For Johnson, who now lives in Kalispell, about 90 miles east of Libby, being on Medicare means long-term security. She is one of about 600 people from Libby who have signed up for Medicare as a result of the law, according to the Social Security Administration. “I feel good knowing I have this [coverage] and it’s never going to go away,” she said. “W.R. Grace proved that they are not to be trusted, and I definitely wasn’t banking on having their medical plan for the rest of my life.”

Despite the Medicare expansion, Grace has no plans to close its Libby medical plan, which has paid out about $21 million since 2000 and covers about 1,100 people, said William Corcoran, a vice president at Grace.

Grace, a chemicals manufacturer, has been paying medical bills for Libby residents for years and agreed in 2008 to spend $250 million for an environmental cleanup of the town.

The company, which was driven into bankruptcy protection by tens of thousands of asbestos poisoning claims mostly unrelated to Libby, reached a tentative civil settlement in 2008 to pay $3 billion to asbestos victims nationwide.

Both Grace and the government grant program cover Libby residents’ health-care costs related to asbestos disease, supplementing individual private insurance. In contrast, those under Medicare have all of their health costs covered.

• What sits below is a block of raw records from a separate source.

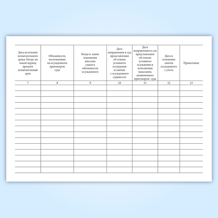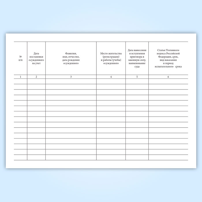 В день поступления копии приговора (определения, постановления) суда инспекция регистрирует его в журнале учета условно осужденных.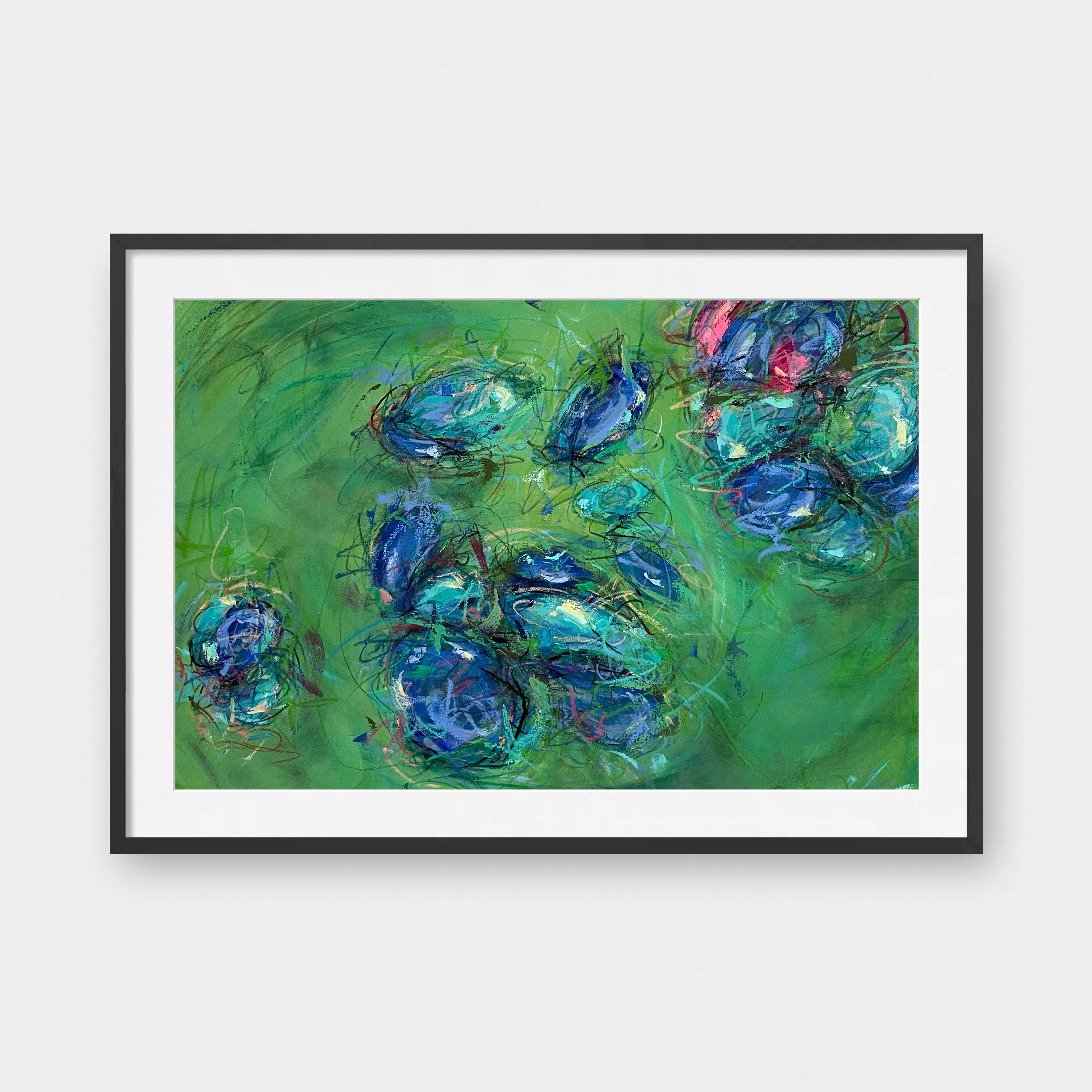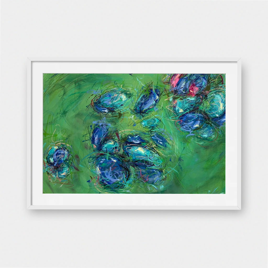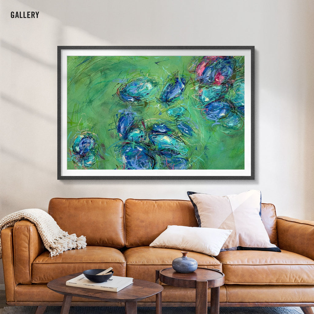 Framed Art Prints feature a contemporary high quality solid wood frame. Pieces come ready to hang with a wire hanger and paper backing. Framed with a white, 2" matte border.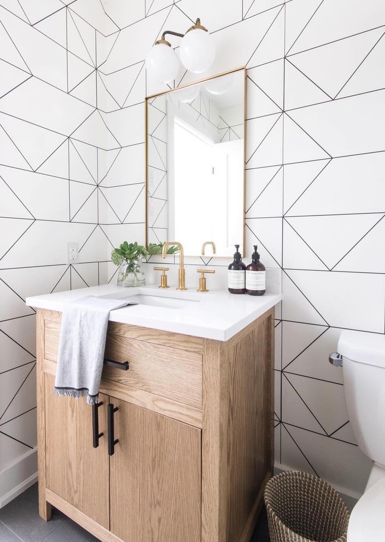 You don't always have to go the uber-patterned route with your bathroom wallpaper idea. In this space designed by Leclair Decor, a geometric print makes a minimal, yet stunning, statement.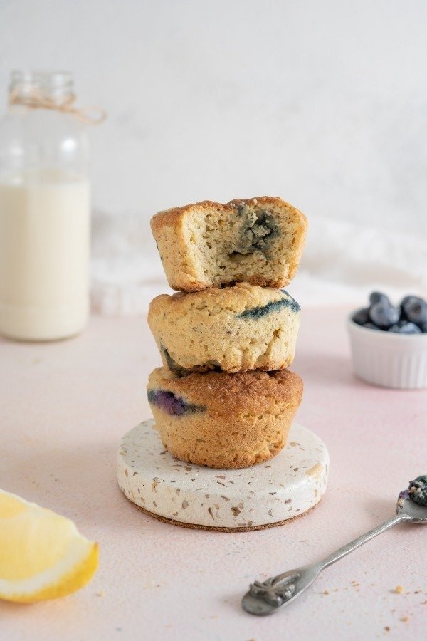 Ingredientes: Huevos, Eritritol, Harina de almendras, Arándanos, Aceite de coco, Harina de coco, Stevia, Polvo para hornear, Goma xántica, Bicarbonato de sodio, Sal del Himalaya, Esencia de vainilla, Jugo y ralladura de limón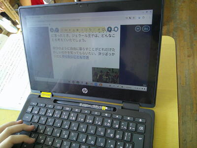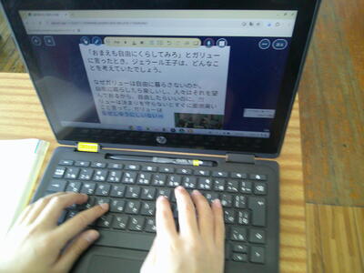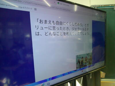 ガリュー、ジェラール王子などの主人公が出てきます。子供たちは、ジェラール王子の気持ちを、パソコンに入力していました。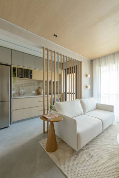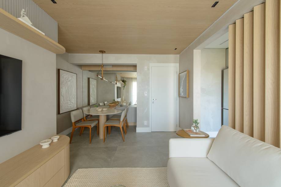 Apê de 56 m² em tons de bege tem divisória articulada entre sala e cozinha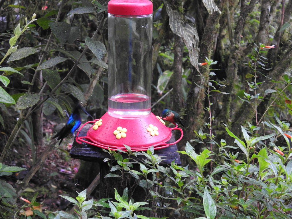 Then there are the ornithology projects, which are probably the easiest part of the job, especially for stewards with a biological science background. I especially enjoy watching the 3 hummingbird feeders for an hour each day to determine which species are around from day to day, season to season, year to year, and if some are increasing or declining. I get my cuppa ready, space 3 feeders about 5 feet apart and sit down with the data sheet to watch the hummer show. Almost always, a purple-bibbed whitetip female arrives first, raising her wings as she lands – ta daa! Huge Empress Brilliants swoop in and out like big bats, while Andean Emeralds, with their perfectly white breasts, shimmer and rattle. Usually, 10 to 14 species of hummingbirds visit the feeders during an hour.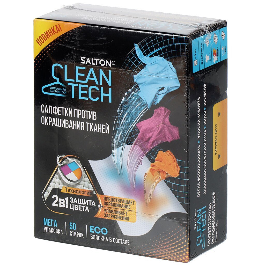 Бывает, что после стирки любимая вещь окрасилась в другой цвет и внешний вид испорчен навсегда? Теперь можно стирать белое и цветное белье с помощью салфеток против окрашивания тканей Salton CleanTecht.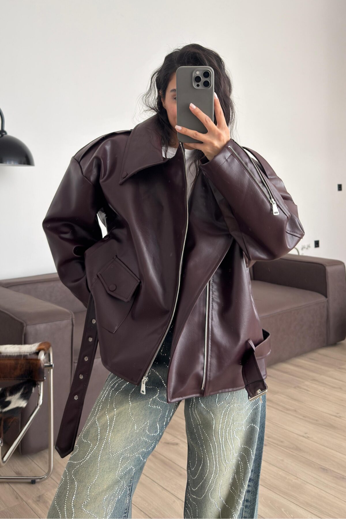 “Çapraz Fermuarlı Deri Ceket Bordo” için yorum yapan ilk kişi siz olun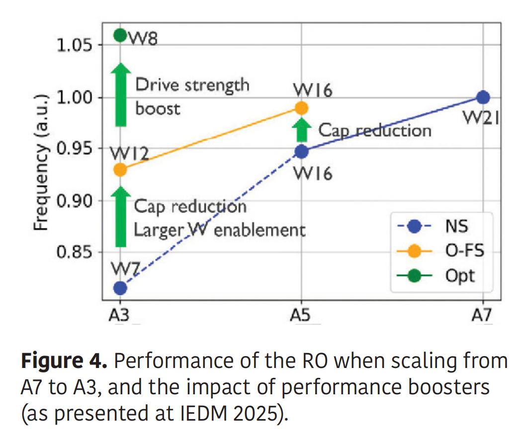 为了支持可扩展性,必须在受限的功率密度预算下,保持各节点上 RO 的每性能。性能评估的关键指标是 RO 的频率,表示为有效驱动电流与有效电容之比。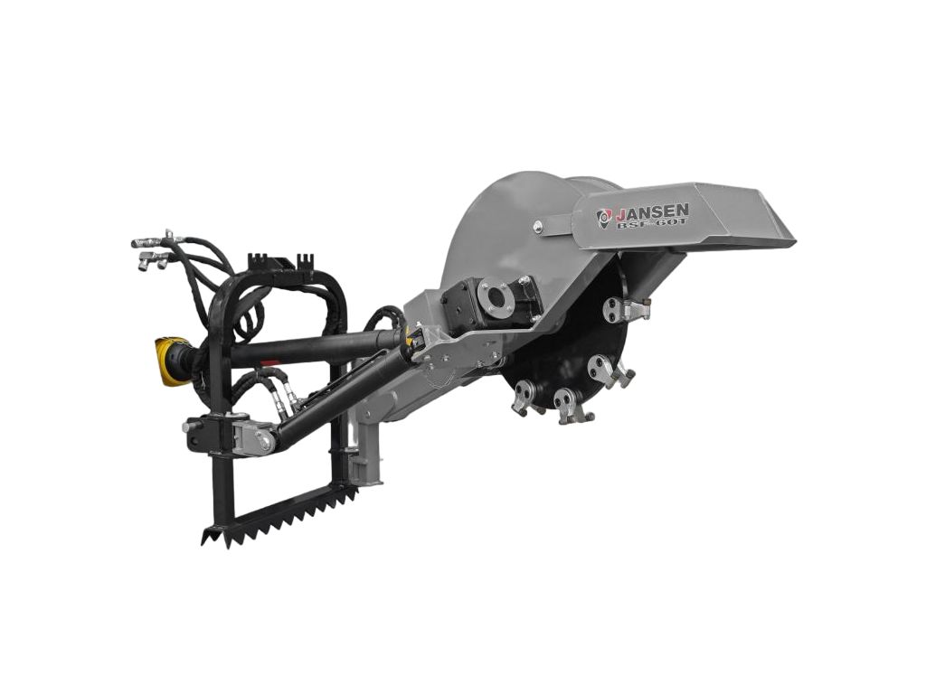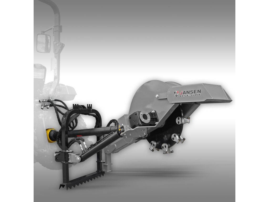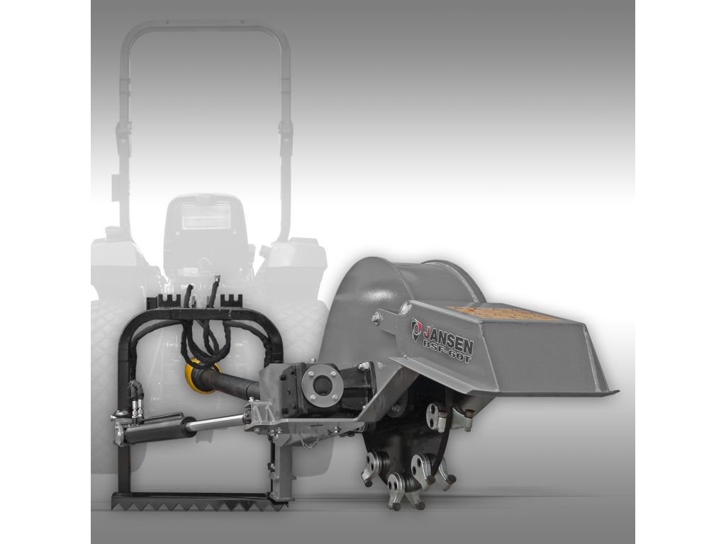 Подрібнювач пнів на трактор Jansen BSF-60T працює від валу відбору потужності трактора, приєднуючись за допомогою заднього 3-точкового навісу (сумісність з категоріями I і II). Необхідна потужність трактора - 30-60 к.с.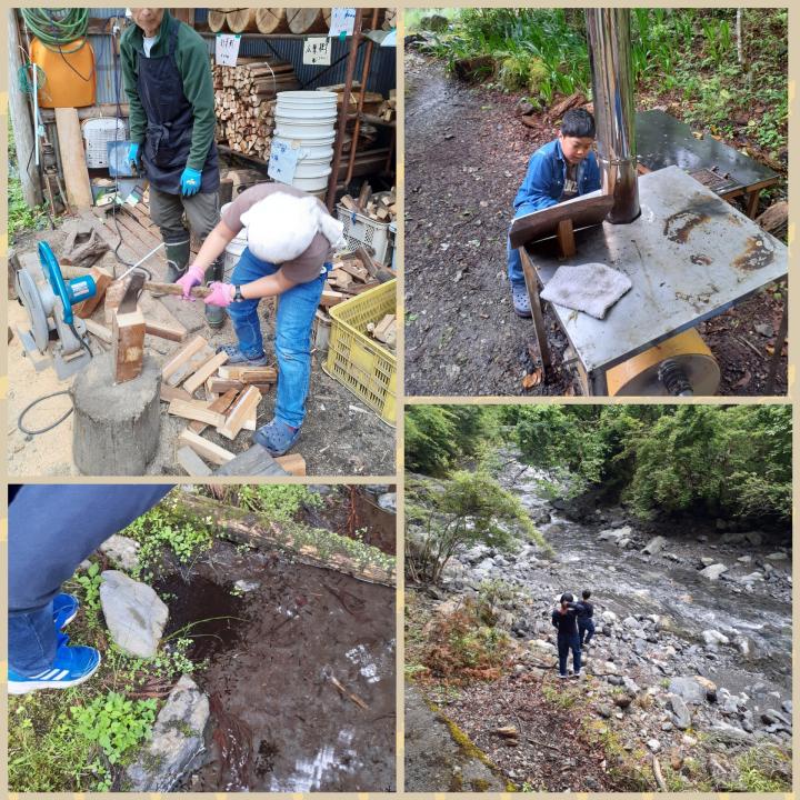 管理人さんと朝から竹箒で場内の掃除をしたり、薪割りのお手伝いをしたり。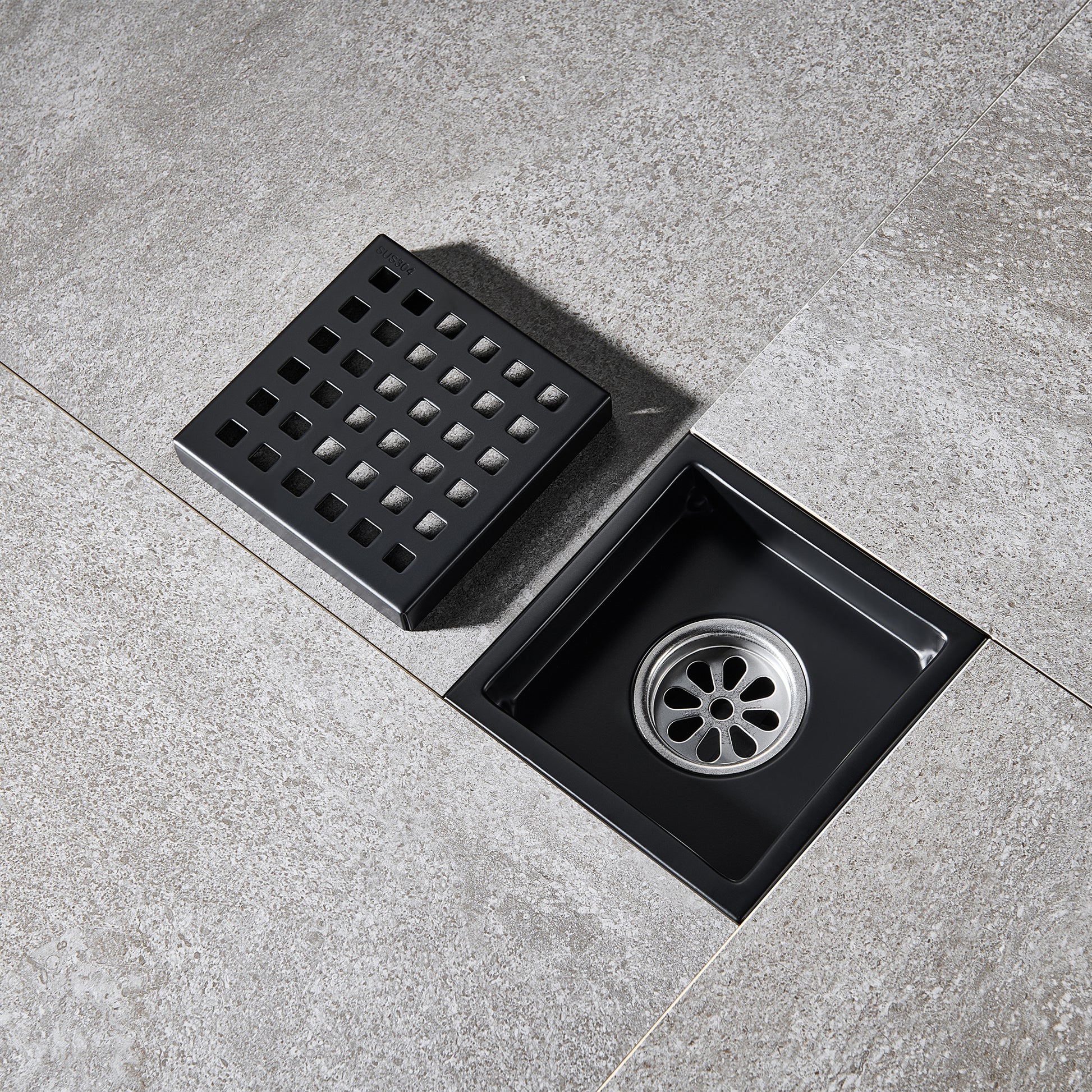 FD01-4-TM 4 in. x 4 in. Stainless Steel Square Shower Floor Drain in Matte Black

Many people have not yet enrolled in Medicare because they can still get help from the grant program, which doesn’t expire until July, said Tanis Hernandez, outreach coordinator of the Center for Asbestos Related Diseases. “The Medicare coverage will be extremely important” when the grant program expires, she said. The Medicare expansion could eventually enroll as many as 1,500 Libby residents, she said.

Exposure to asbestos is known to cause cancer and other lung diseases. Asbestos-related disease can take decades to show up on X-rays and other tests.

Like many of the nearly 2,000 people from Libby who have asbestos-related disease and the 400 who have died from it, Johnson never worked at the mine. They were exposed when miners brought home tremolite, a form of asbestos that was laced in the vermiculite ore, on their clothes. Residents took vermiculite from the mine to use for insulation, and tailings — waste from the mine — was spread as ground filler around town, including on school and community sports fields.

Out of a population of more than 10,000 people in Libby and the surrounding valley, new cases are being diagnosed at a rate of about four a week, Hernandez said.

“I thought I was fine, and I was not a smoker and was the least exposed of my siblings,” said Johnson who works as a receptionist at a veterinary clinic. But there were early signs: She caught pneumonia when she was eight months pregnant, developed swine flu and, in the past few years, developed ear infections that took months to clear.

These days, when she shows her Medicare card at the doctor’s office, Johnson sometimes gets strange looks. “They say, ‘You look so young. How can you be on Medicare?’ Then I explain I’m from Libby.”

This article is produced through a collaboration between The Washington Post and Kaiser Health News. KHN, an editorially independent news service, is a program of the Kaiser Family Foundation, a nonpartisan health-care-policy organization that is not affiliated with Kaiser Permanente.